Melbourne’s north has long been dogged by on-again, off-again gang conflicts, with drugs, greed and revenge the motive for these notorious movers and shakers.

Sam Abdulrahim was a mate of the late Nabil Maghnie and, at one stage, dated reality TV personality Jessika Power.
Sam Abdulrahim was a mate of the late Nabil Maghnie and, at one stage, dated reality TV personality Jessika Power.

Melbourne’s north suburban gangland has long been a jungle full of dangerous movers and shakers.

The area has been dogged by various on-again, off-again conflicts for more than a decade, some of it generated by the drug trade, by greed or by plain revenge and hatred.

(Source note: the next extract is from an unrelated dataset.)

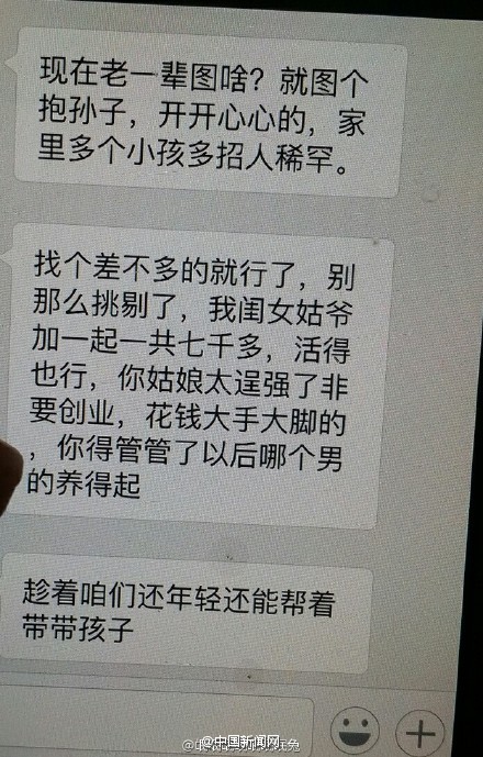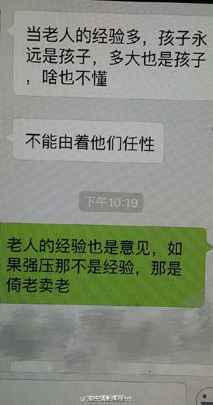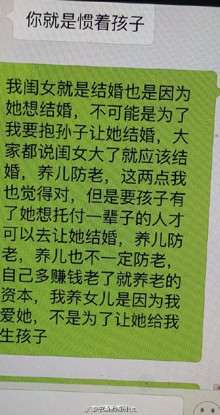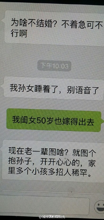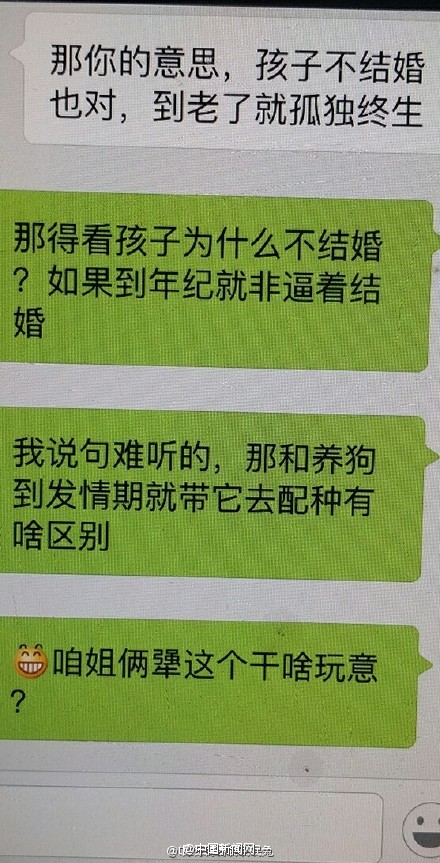 [我养女儿是因为我爱她!]近日,网友@氓氓氓氓氓氓氓兔 po出了自己母上大人的一组微信记录,小编戳进去一看,简直泪奔啊对方上来就是“不结婚让别人笑话”、“不生个孩子老了就得等死”之类的理论狂轰滥炸,而老妈的回答确是…你还在被逼婚吗?

Some of the most prominent combatants have wound up dead, others in jail and a few have managed to flourish in a dog-eat-dog world where alliances can break and danger emerges with little warning.

Mark Buttler and Anthony Dowsley look at some of the major players.

George Marrogi

The only thing predictable about George Marrogi was that he was headed for a long stint in jail.

Marrogi, 32, who is known as Cross, was last year convicted of the 2016 murder of drug dealer Kadir Ors.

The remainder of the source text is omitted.